→ TASK OBJECTIVE
Print, exactly and with no pictures, the line containing "Очень красивое розовое" and each line after it to the end of the entries below.

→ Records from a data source
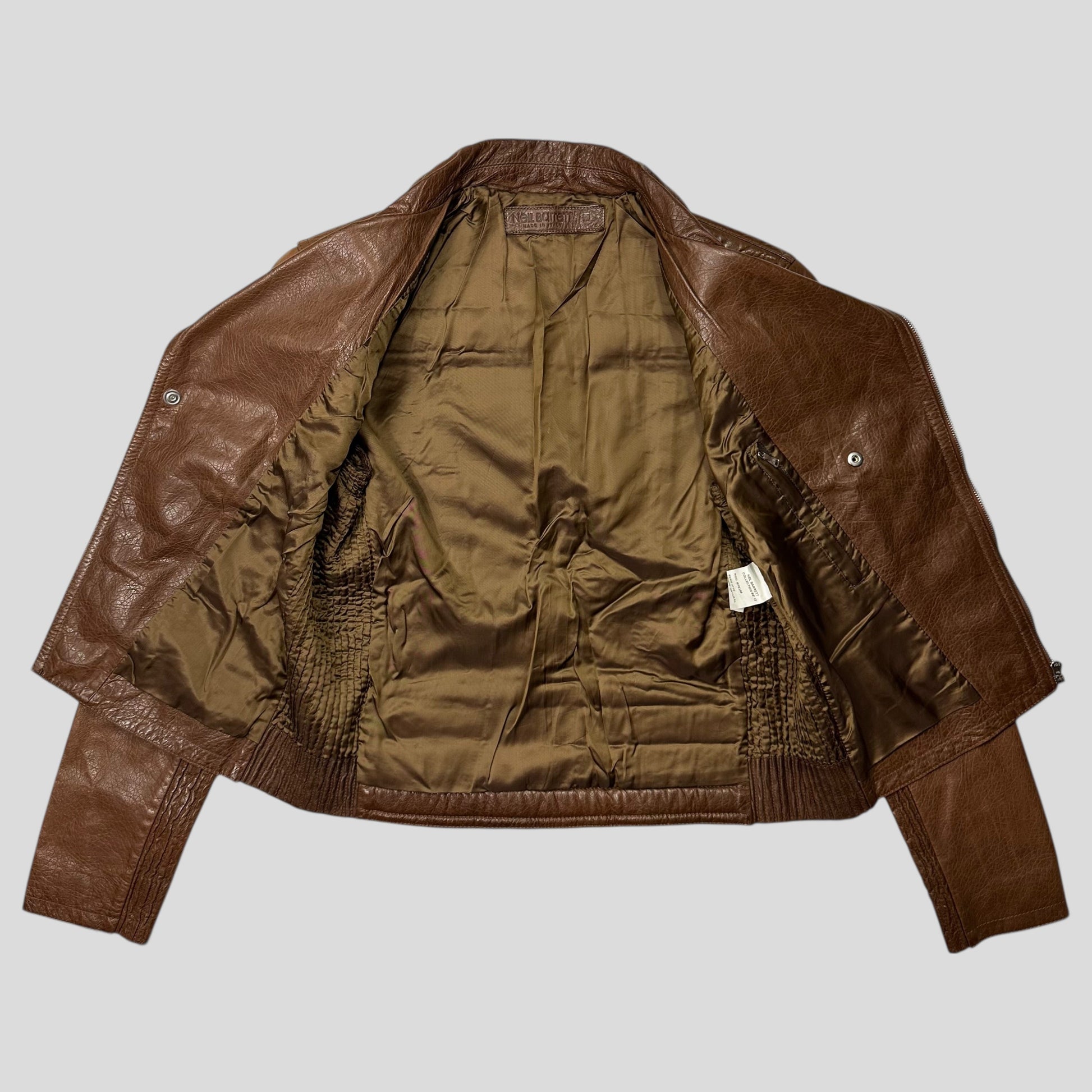 Neil Barrett 2012 Leather Padded Brown Multipocket Moto Jacket - S
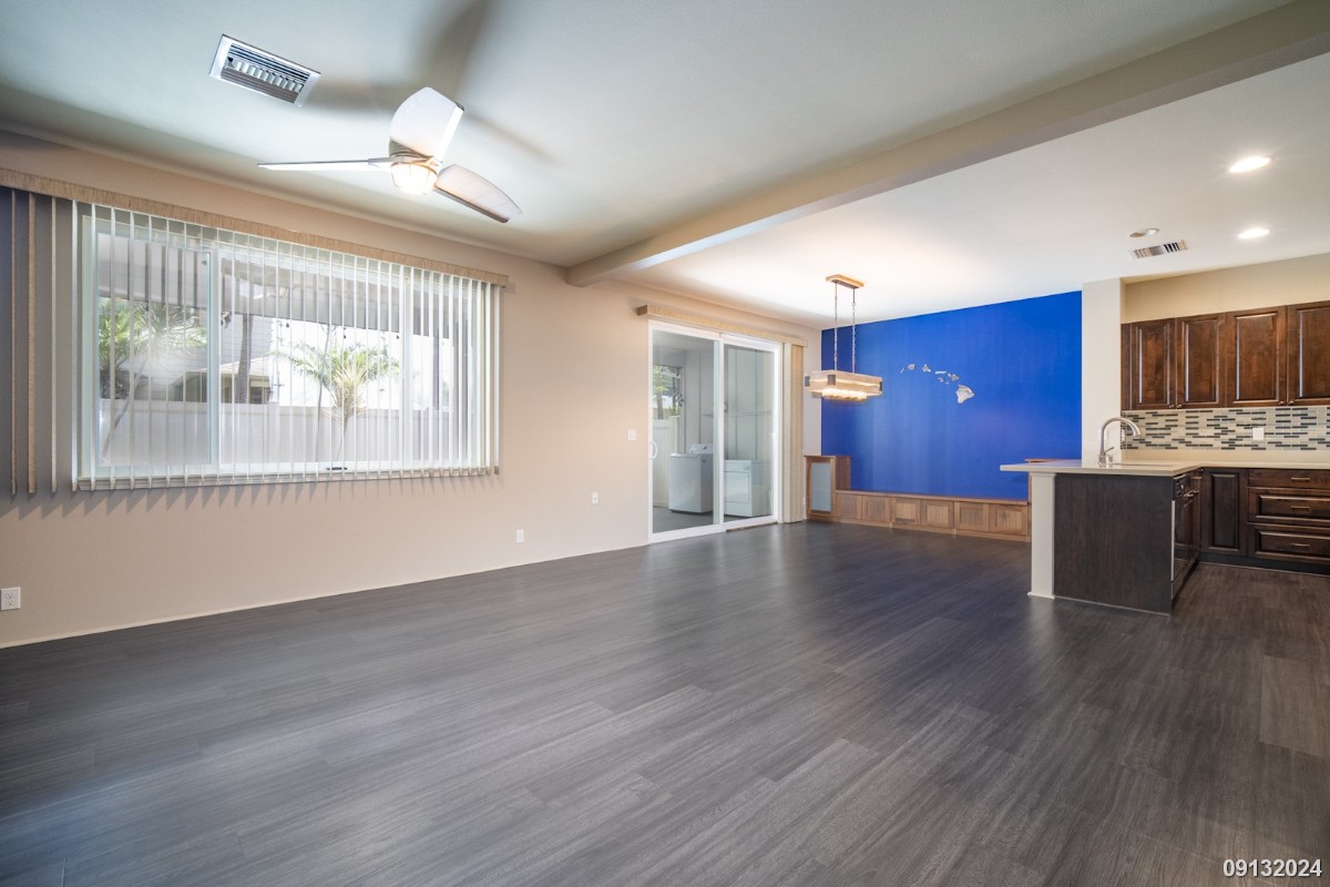 Discover this stunning 4 bedroom, 3 bathroom single-family home that exudes modern luxury with practical versatility. Featuring a 1 bedroom, 1 bathroom en suite, this home offers the ideal space for guests. Enjoy, a modern kitchen with upgraded stainless steel appliances, spacious living and dining areas with high-end finishes, large backyard with both covered and uncovered lanai areas – perfect for outdoor gatherings and relaxation, luxury vinyl flooring throughout for style and durability, Plantation shutters, central A/C, and ceiling fans for comfort and elegance. Best of yet, stay energy-efficient with solar panels and solar water heater to help lower utility costs. Property is a few minutes away from freeway access, schools, restaurants, movie theaters, and shopping complex. Driving distance to Schofield/Wheeler, approx 25 minutes and approx 23 minutes to Pearl Harbor/Hickam, and approx 46 mins to The Marine Corps Base Hawaii.
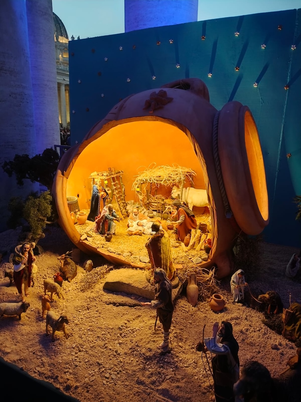 Una è un presepe: è adesso in piazza San Pietro in Vaticano, sotto il Colonnato del Bernini. Arrivato a Roma da pochi giorni, rimarrà nella mostra dei cento presepi organizzata dal dicastero per l'evangelizzazione. Si tratta di un orcio di terracotta scavato, aperto e tagliato, in cui all'interno è collocato un presepe meccanizzato con una Natività molto particolare. C'è una struttura che sorregge l'orcio - realizzato dalla Florentia di Capraia - con altri personaggi in movimento delle varie scene quotidiane, e poi animali, quindi pastori ed altri ed altri personaggi in movimento: la particolarità è che è un presepe meccanizzato con una ventina di movimenti.
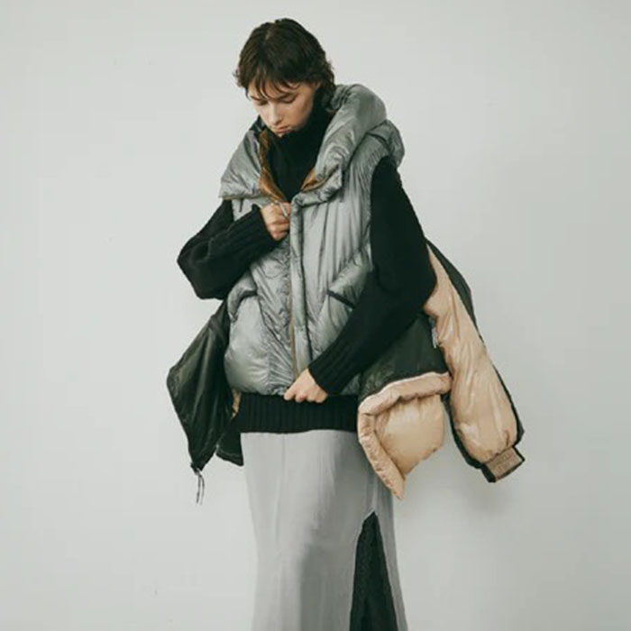 【UNISEX】beautiful people ビューティフルピープル / x NANGA multilayering down vest blouson (charcoal)
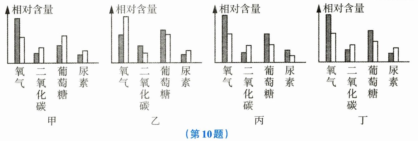 10. 如图所示为某人饭后约30min时,进出人体大脑、肾脏、小肠以及肺的血液内四种物质的相对含量。下列描述中,正确的是(
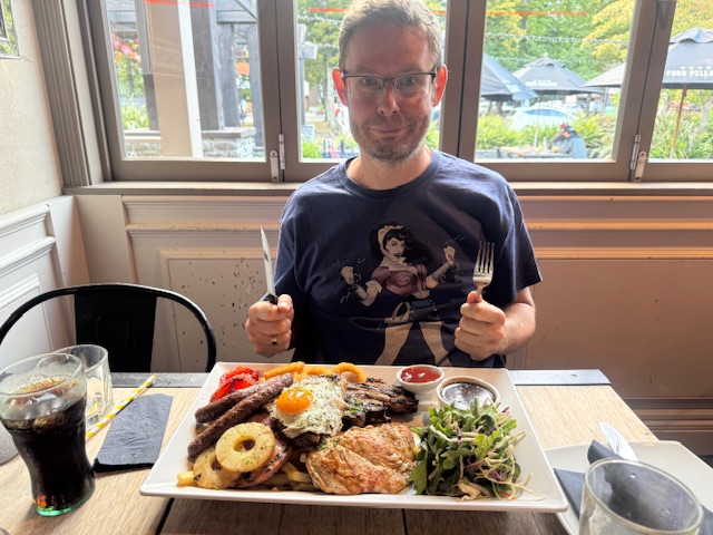 Det var så meget i overskud, som vi fik med. Så er aftensmaden klaret i morgen også. Der skal bare koges noget pasta, som vi har et skvat tilbage af. Kim gik tilbage til bilen med resterne, for at få sat det på køl, og så fik Regina klaret regningen.
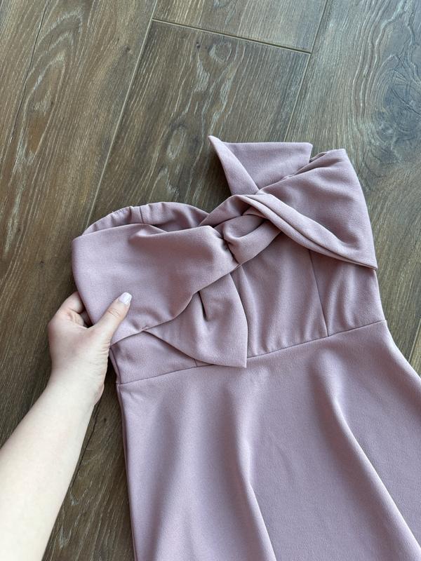 Очень красивое розовое платье с бантом на груди держится хорошо. Одевала дважды. Размер ХС. Фото на себе способно тоже отправить
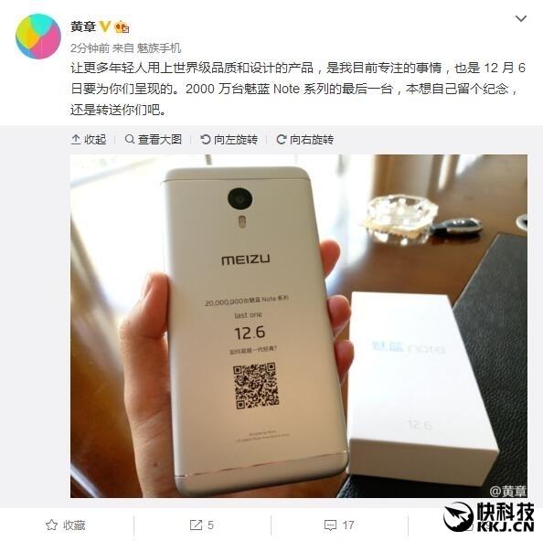 魅蓝X、魅族Pro 6 Plus刚刚不发,魅族又在马不停蹄的准备下一场发布会了。12月6日,魅族将正式发布魅蓝Note 5。按照魅族老大黄章的话说,该机是一款“世界级品质和设计的产品”。
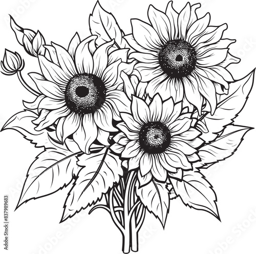© ROHIT, Fototapeta premium Sunlit Radiance Bouquet Logo Design Sunflower Delight Vector Graphic Icon

→ RESULT BELOW
 Очень красивое розовое платье с бантом на груди держится хорошо. Одевала дважды. Размер ХС. Фото на себе способно тоже отправить
 魅蓝X、魅族Pro 6 Plus刚刚不发,魅族又在马不停蹄的准备下一场发布会了。12月6日,魅族将正式发布魅蓝Note 5。按照魅族老大黄章的话说,该机是一款“世界级品质和设计的产品”。
© ROHIT, Fototapeta premium Sunlit Radiance Bouquet Logo Design Sunflower Delight Vector Graphic Icon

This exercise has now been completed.